Черт побери, и это город моего детства? Пожалуй… Редко доезжал я на трамвае дальше Даниловского рынка или Большой Полянки, где был Дом пионеров. Помню в окрестностях целые кварталы разрушенных в войну домов. Если и видел что-то еще — это в память не запало.

Но в том-то и дело: и дымящуюся черную трубу, и пустырь напротив, и трехцветную речку Вонючку (о которой чуть дальше) я вспоминаю с тем же добрым чувством, с каким Эрих Кестнер, допустим, вспоминал волшебно-прекрасный Дрезден своего детства: «Если я действительно обладаю даром распознавать не только дурное и безобразное, но также и прекрасное, то потому лишь, что я вырос в Дрездене. Не из книг узнавал я, что такое красота. Мне дано было дышать красотой, как детям лесника — напоенным сосной воздухом».
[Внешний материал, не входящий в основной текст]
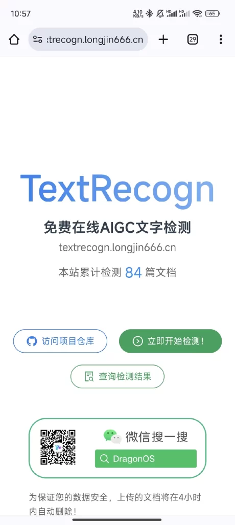 由龍進 毕业查ai率,某普有点贵。然后就自己做了一个查ai的程序,放到网上造福大众,免费使用。 网址是 textrecogn.longjin666.cn 代码也开源了,uu们也可以下载到自己电脑上面跑哈哈哈。 开源仓库地址:https://github.com/fslongjin/textrecogn 效果:

Снова и снова вглядываюсь в себя, стриженного под нуль, тощего, дышавшего многие годы детства запахом горячей мочи от черной трубы, копотью от уродливых заводов, вонью реки Вонючки… Как это отпечаталось на моем человеческом устройстве, вкусах, характере? Что-то тут не так просто. Надо подумать.

Пейзажи моего детства

Что было для меня в детстве природой? Откос окружной железной дороги, поросший вьюнками; мы называли их граммофончиками (сюда приходили, чтобы помахать рукой машинисту). Пустырь напротив; цветы и травы, прораставшие там среди камней и мусора, до сих пор знаю лучше, чем всю флору последующих лет: подорожник, белый клевер, который мы называли кашкой, куриная слепота (было известно: если сок попадет в глаз — ослепнешь; никто, впрочем, не проверял), ромашка, полынь; в канавах лебеда, лопухи, крапива. А во дворе событием стал однажды проросток картофеля у заводского забора: белый, мертвенный, хрупкий.
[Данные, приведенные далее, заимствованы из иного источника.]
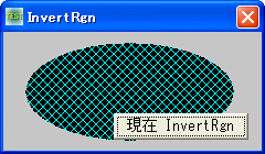 '= (InvertRgn.bas) '================================================================ #include "Windows.bi" ' 楕円形のリージョンを作成 Declare Function Api_CreateEllipticRgn& Lib "gdi32" Alias "CreateEllipticRgn" (ByVal nLeftRect&, ByVal nTopRect&, ByVal nRightRect&, ByVal nBottomRect&) ' 指定されたリージョン領域の色を反転 Declare Function Api_InvertRgn& Lib "gdi32" Alias "InvertRgn" (ByVal hDC&, ByVal hRgn&) ' ハッチパターンの論理ブラシを作成 Declare Function Api_CreateHatchBrush& Lib "gdi32" Alias "CreateHatchBrush" (ByVal nIndex&, ByVal crColor&) ' 指定のブラシで領域を塗りつぶす Declare Function Api_FillRgn& Lib "gdi32" Alias "FillRgn" (ByVal hDC&, ByVal hRgn&, ByVal hBrush&) ' ペン、ブラシ、フォント、ビットマップ、リージョン、パレットのいずれかの論理オブジェクトを削除し、そのオブジェクトに関連付けられていたすべてのシステムリソースを解放。オブジェクトを削除した後は、指定されたハンドルは無効になる Declare Function Api_DeleteObject& Lib "gdi32" Alias "DeleteObject" (ByVal hObject&) ' 指定されたウィンドウのクライアント領域または画面全体を表すディスプレイデバイスコンテキストのハンドルを取得 Declare Function Api_GetDC& Lib "user32" Alias "GetDC" (ByVal hWnd&) ' デバイスコンテキストを解放 Declare Function Api_ReleaseDC& Lib "user32" Alias "ReleaseDC" (ByVal hWnd&, ByVal hDC&) #define HS_DIAGCROSS 5 '45度のクロスハッチ Var Shared Button1 As Object Button1.Attach GetDlgItem("Button1") : Button1.SetFontSize 14 Var Shared hDC As Long Var Shared FG As Integer '================================================================ '= '================================================================ Declare Sub MainForm_Start edecl () Sub MainForm_Start() Var hRgn As Long Var hBr As Long Var Ret As Long FG = 0 Button1.SetWindowText "現在 Normal" hDC = Api_GetDC(GethWnd) hRgn = Api_CreateEllipticRgn(20, 10, 210, 100) hBr = Api_CreateHatchBrush(HS_DIAGCROSS, RGB(255, 0, 0)) Ret = Api_FillRgn(hDC, hRgn, hBr) End Sub '================================================================ '= '================================================================ Declare Sub Button1_on edecl () Sub Button1_on() Var hRgn As Long Var Ret As Long FG = not FG If FG = 0 Then Button1.SetWindowText "現在 Normal" Else Button1.SetWindowText "現在 InvertRgn" End If hRgn = Api_CreateEllipticRgn(20, 10, 210, 100) Ret = Api_InvertRgn(hDC, hRgn) Ret = Api_DeleteObject(hRgn) End Sub '================================================================ '= '================================================================ Declare Sub MainForm_QueryClose edecl () Sub MainForm_QueryClose() Var Ret As Long Ret = Api_ReleaseDC(GethWnd, hDC) End Sub '================================================================ '= '================================================================ While 1 WaitEvent Wend Stop End

Недалеко от наших домов в Москву-реку впадала река Вонючка. Я видел это название и на одной городской карте, на всех других река звалась Котловка; сейчас она упрятана в трубу. Эта река действительно благоухала изрядно и каждый день меняла свой цвет: буро-зеленый, буро-желтый, буро-красный. Воду красил кожевенный завод, стоявший повыше.

И все же это была природа, такая же значительная, как настоящие леса, луга, сады и реки, в которых можно было купаться.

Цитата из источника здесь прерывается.